第2章でも触れたように、漫画が、個人的な表現手段である、ということとも関係があるのでしょう。
個人の想いを紙の上に焼き付ける、という種類の表現手段であることが、漫画の生命線なのだとしたら、やはり漫画は、どこまで行ってもギリギリのところで個人が個人の名前で製作するべきものかも知れません。

ただ、よく言われるように、キャラクターの人物線もスタッフさんに任せ、自分は最後に目だけを描き入れる、ということをする漫画家さんもいらっしゃいます、
それは、プロダクション形式で漫画を製作するときに、よくある方法です。
漫画の一般的な創られ方を知っている方ならば驚く向きもあるかもしれませんが。

他のジャンルではどうか?
そうした、分業を考える際には面倒くさい障壁は、例えばアニメーション映画、実写映画、等では、存在しないはずの障壁です。
また、アメコミはそうした作り方をシステマティックにおこなっているとききます。
集団作業で製作することが前提だからです。

漫画は、個人で描ききるべきのもか?

もしかしたら、漫画というメディアの多様性の中で、個人で描かれることが主流ではある中で、分業で製作される漫画というものが成立してくる、ということもあるかも知れません。

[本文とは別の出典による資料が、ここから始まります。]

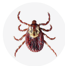
American Dog Tick

Spreads: Ehrlichia, Rocky Mountain Spotted Fever

この問題も、これ以上の予測を言い当てることが本論の主旨ではないので、ここでは、問題提起として留めておくべきと考えます。
自分はこのことに関しては、今のところ明確な意見も立ち位置も持てないでいます。それぞれの可能性に想いを至らせるだけです。
もう少し時間が経たないと、答えを見いだすことは出来ないはずです。

ただ、ならば、個人的作業で極めるべきなのか?
今後、分業、集団作業できる環境を選択出来るチャンスが仮にあったとして、その時自分はどうしたいと考えるか?

それは、つね日ごろ、漫画を描くことをどう考えているかによります。。
こうしたことにも、自覚的でいる必要があります。
これから漫画家になりたいと考え、いずれ漫画家になる方、どういった製作体制を整えるかを考えなければならない立場の方は、なおさら自覚的であることが必要です。


ここで、冒頭の3章は一応の区切りです。
俯瞰しようのない大状況を、それでも俯瞰して書かねばならなかったので、大仰になった部分もあります。
何度かご紹介しましたが、ここで書いてきたことは、佐藤秀峰さんがご自身のウェブサイトで、同じ主旨の、よりリアルな話をさらに詳しく書いて下さっています。
「漫画制作日記」ページの、2009/3/28の「漫画貧乏」から始まる文章他で、読むことが出来ますので、そちらもどうぞご覧になって下さい。

次章から、本来は第1章として書き始めようとしていた、もう少し個人的な「こころがまえ」的「漫画家のなり方」をつづっていきます。


そう言えば・・・
みなさん、この文章の数々、毎日、アップする直前にドバーと書いているわけではないですよ。
ブログというものは、どうも、「書くそばからアップ」というとらえられ方をしているようで、
人から「よく毎日あんな文章書かれますね」と言われて、ハタと気付きました。

毎日毎日、こんなこと書いているわけではありませんてば。